Archive for the 'Thoreau' Category

Dec 16 2008

H. D. Thoreau and education

On a different subject of Thoreau’s Walden: I was most fascinated by Thoreau’s opinion about education in the sense of theoretical schooling. He seems to consider the common approach of the educational establishments to be heavily flawed. By training an individual only theoretically, the student would not be able to put the gained knowledge into practice. Spending years at university, learning only from books and teachers, is no comparison to one day in the field. Thoreau’s approach to knowledge is learning by doing, and he considers the theoretical way a waste of time. He says of himself that he was rather surprised when he got to know after finishing his studies that what he had studied was actually navigation. He even contemplates that one day in the harbour with a real ship would have taught him more than his entire academic studies.

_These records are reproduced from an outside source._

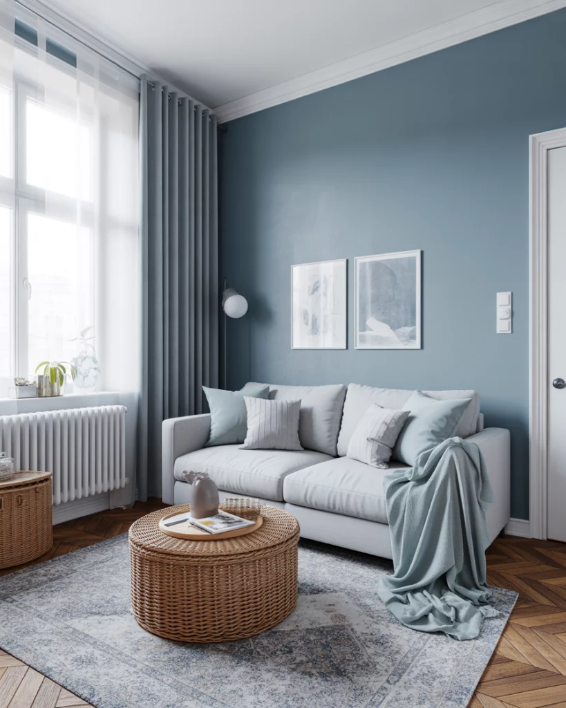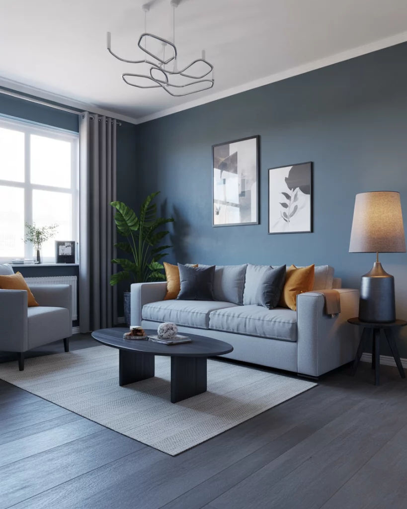 For a refreshing twist, slate blue pairs effortlessly with grey details. Think grey accent wall gray flooring offset by a slate blue accent wall for balance. This combination feels clean and bright while maintaining a cozy atmosphere. It’s especially effective in modern homes where layering cool tones makes the space elegant yet approachable.
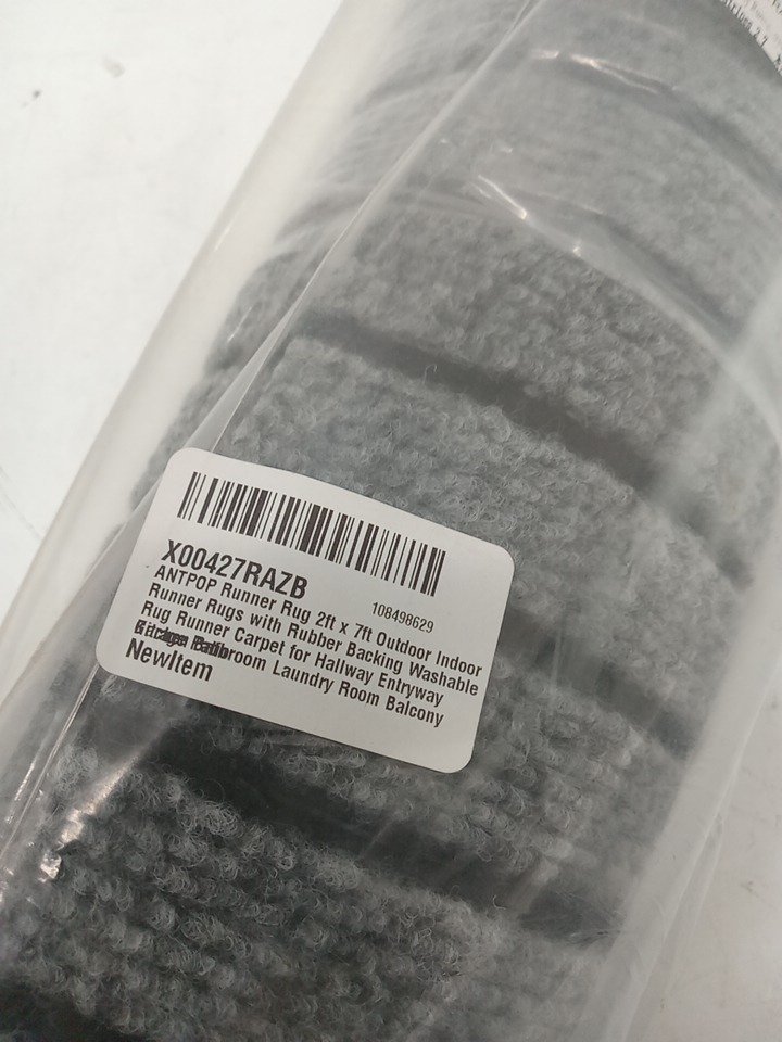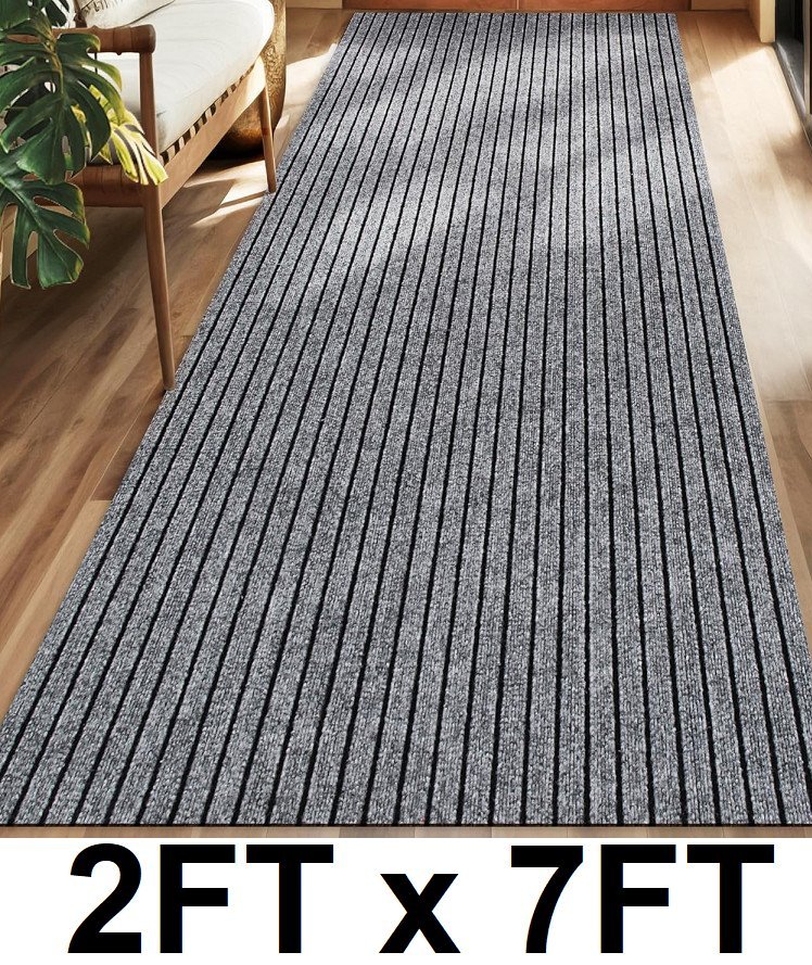 antpop non-slip low pile indoor/outdoor runner rug carpet - 2ft x 7ft - grey stripe
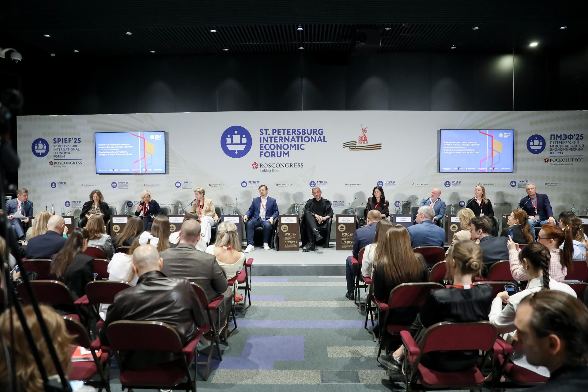 Сессия «Креативные индустрии и традиции: синергия бизнеса, культуры и ремесел», организованная Президентским фондом культурных инициатив, прошла сегодня на площадке ПМЭФ-25. Главной темой обсуждения стало то, как креативные индустрии превращаются в важный драйвер экономического развития, объединяя традиционные ремесла, современные технологии и предпринимательский подход. Региональные проекты, основанные на национальных традициях, не только сохраняют культурное наследие, но и формируют новые бизнес-модели, привлекая туристов, инвесторов и молодые таланты. Свои проекты представили те люди, которые смогли создать настоящие точки притяжения для местных жителей, туристов и меценатов в своих регионах. Не просто создать, а научиться зарабатывать на любимом деле, мыслить далеко за рамками своих проектов — масштабировать их каждый год, придумывать и запускать новые идеи. Кто-то сделал этого, заручившись на самом старте поддержкой Президентского фонда культурных инициатив. Модератором дискуссии выступил генеральный директор ПФКИ Роман Карманов. В начале беседы он напомнил о вчерашнем выступлении Президента РФ на пленарном заседании ПМЭФ-2025.
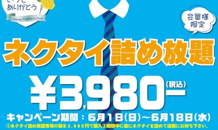 お久しぶりです☺︎ 6月始まりましたね🐸☔️ 今シロヤクリーニングではネクタイ詰め放題キャ...
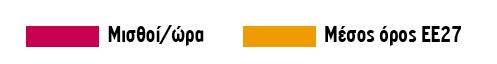 Ενώ, όμως, το μέσο ωρομίσθιο στην ΕΕ φτάνει τα 8,70 ευρώ, στη χώρα μας βρίσκεται στα μόλις 3,6 ευρώ, αποτελώντας την τρίτη χαμηλότερη επίδοση στην ΕΕ-27 μπροστά μόνο από τη Βουλγαρία και τη Ρουμανία. Είναι χαρακτηριστικό ότι παρά το γεγονός ότι η Ελλάδα αποτελεί ένα από τα πιο παλαιά μέλη της ΕΕ, τα ωρομίσθια με τα οποία αμείβονται οι εργαζόμενοι στις γεωργικές εκμεταλλεύσεις είναι σημαντικά χαμηλότερα ακόμα και από χώρες που εντάχθηκαν στην Ένωση το 2004, όπως η Λιθουανία, η Λετονία και η Εσθονία.
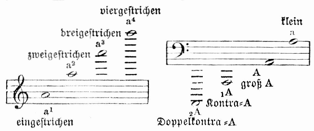 , 그러나 곧 두 배의 막대 ( , , ) 로 두 배를 나타내는 것을 선호했습니다 . 음조 체계가 더욱 확장 되면서 더 높은 음조 에도 두 개 이상의 획 이 주어졌고 (따라서 장조, 단조, 1옥타브, 2 옥타브 등 의 이름 이 붙었습니다 ) 장조 옥타브 아래의 음조 는 대문자 아래 에 획을 하나 더 붙여 지정되었습니다 (A = 콘트라 -A ) . 음악 예를 보세요 :
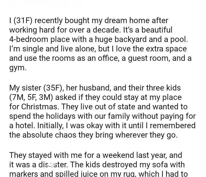 AITA for my sister’s family to stay
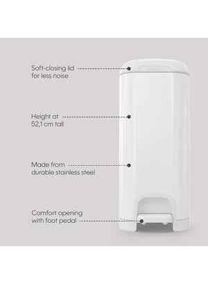 Select Odor Lock Stainless Steel Diaper Pail White | Hands-Free Step Pedal | Odor Control | Large Capacity Baby Nappy Trash Bin
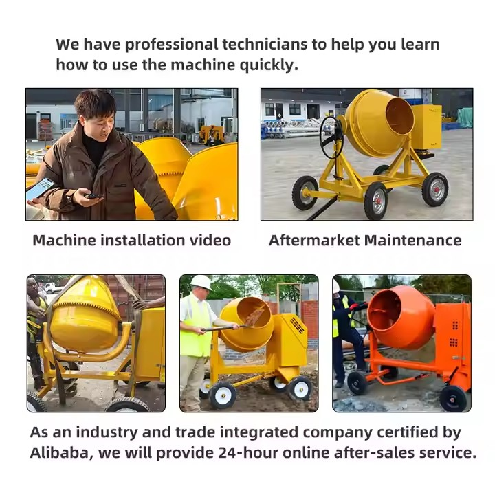 Mezclador de cemento amarillo portátil con caja de cambios de motor de bomba y componentes de núcleo de engranaje incluidos
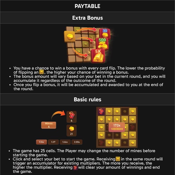 Mines Gold introduces a few exciting features to keep players entertained:
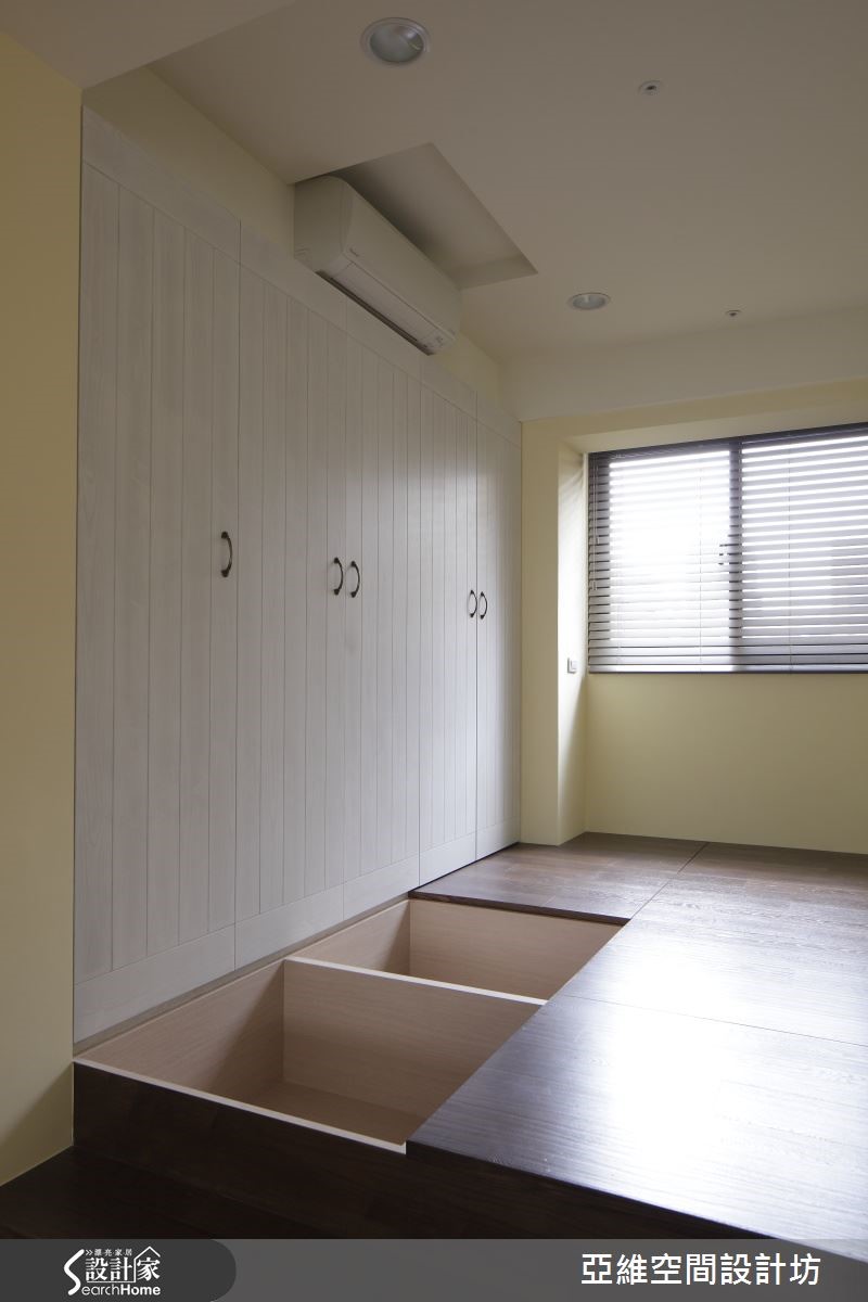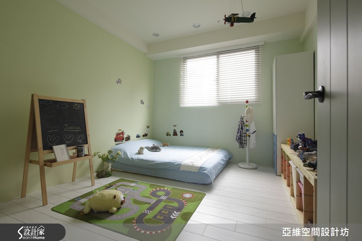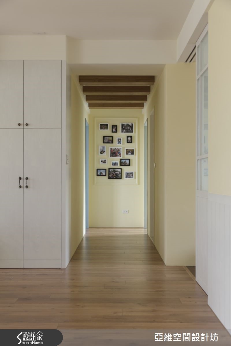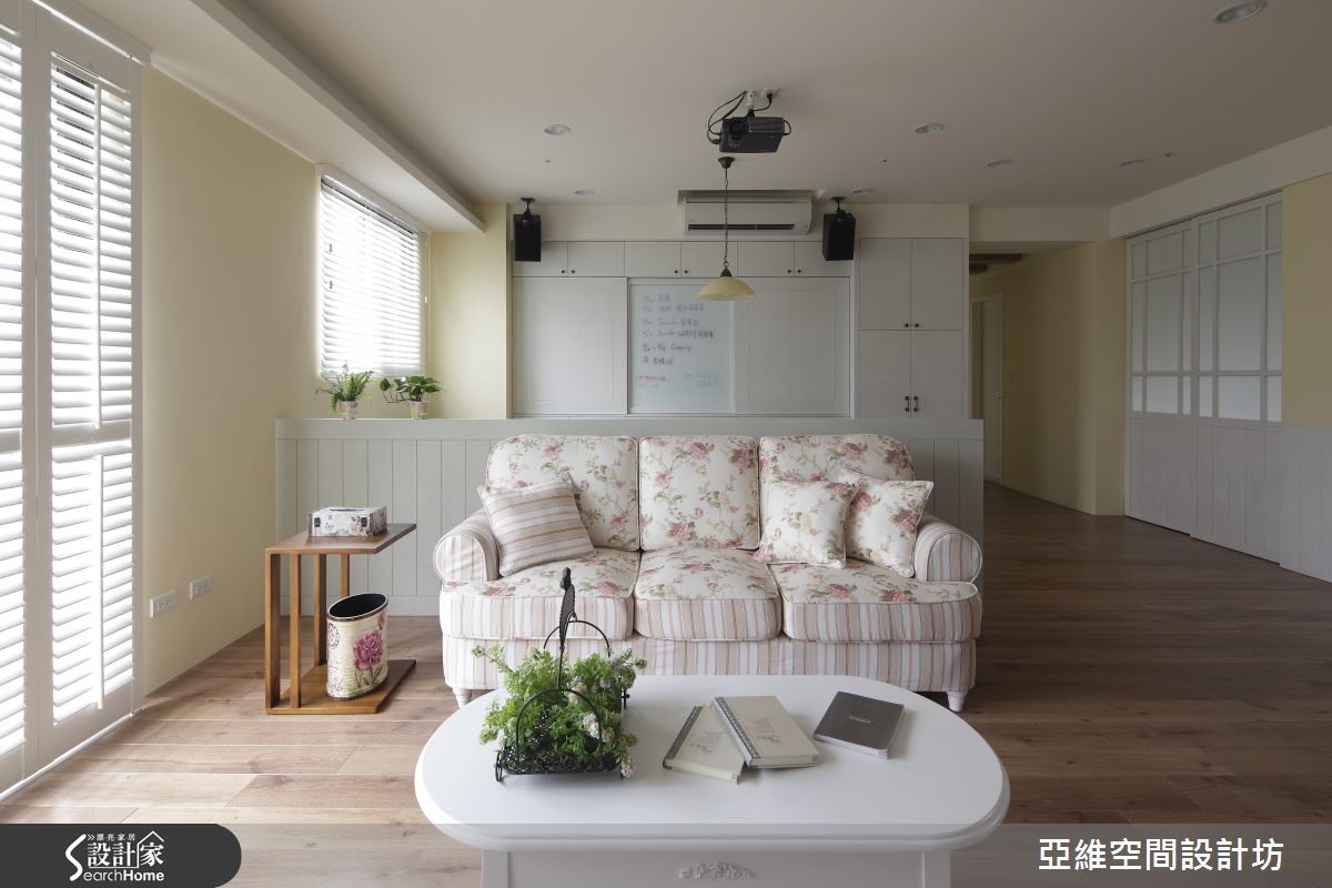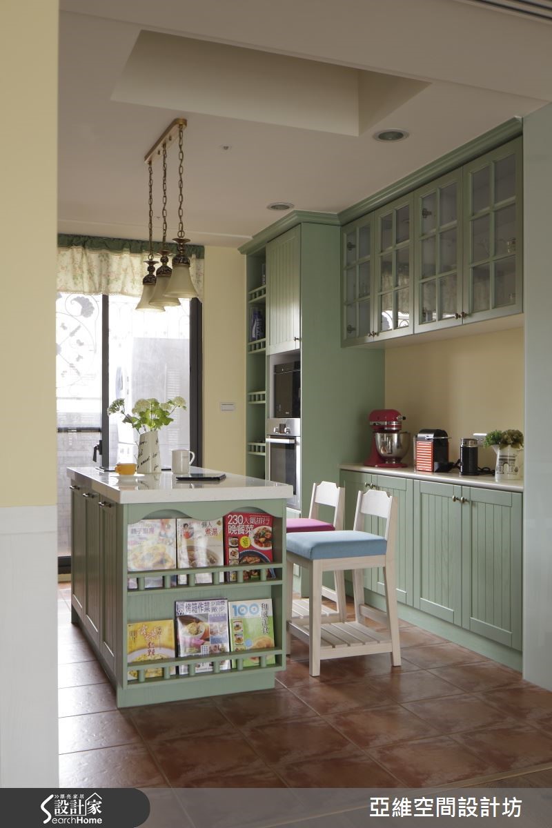 热爱户外活动的屋主,相当注重露营装备的收纳,设计师针对旅游规划特殊机能房,让所有必备品可良好收纳,同时又无损居室既有使用功能;另外,为了让全家3口感情更加紧密,设计师也打造开放式空间,让全家人有宽敞的互动场所!【打开封闭玄关,凸显轻盈感】设计师为开放式空间抹去封闭玄关,取而代之的是木百叶悬柜与复古砖地坪,让整体视觉更显轻盈,善用材质创造场域分野;电视主墙以大量文化石进行铺排,营造仿旧感,与粉红碎花沙发及百叶落地窗搭配合宜。【实木大长桌,成为交流聚点】矮墙后方为开放式复合书房,实木长桌除了用餐与阅读外,更可成为家人共同游戏、创造话题的所在,后方镶嵌于收纳柜的烤玻,更能随心所欲书写涂鸦,同时也可以利用门片,推拉之间让书籍或烤玻隐于无形。【唯美薄荷绿,引入清新生机】通过让家人可以尽情互动的宽敞动线,另端即为厨房与复合机能房,薄荷绿色调渲染了碗橱与线板门片,为经典乡村风厨房注入生机盎然,中岛吧台附有杂志架功能,成为家中第二个多功能场所。【善用地板下空间,提升收纳效益】富含收纳的鹅黄色机能房,除了大面积收纳柜体外,更利用垫高地板空间制造格状收纳;亦可作为客房用途。穿越鹅黄色木梁廊道即是两间居室,以轻松休闲氛围作为基底,搭配熏衣草紫与嫩芽绿等粉嫩色调,将自然原色纳进睡眠空间。

This deliberation is, in my opinion, very similar to his defiance of the railroad. He avoids the ‘new’ teaching methods of theory before practise and the gathering of institutionalized knowledge in favour of ‘the old ways’. Just throw the child into the water and it will learn to swim. In this arguement I find an essential question that is still strongly debated between anthropologists, humanists, psychologists, pedagogues and everyone with a slight interest in human development: the question of nature vs. nurture. Thoreau is definitely a supporter of the nature theory, alleging that man is born with innate features to deal with and overcome almost any given problem. He only touches the subject in Walden (although I cannot say that for sure, for I have yet to read the rest of it), but I think it is worth discussing.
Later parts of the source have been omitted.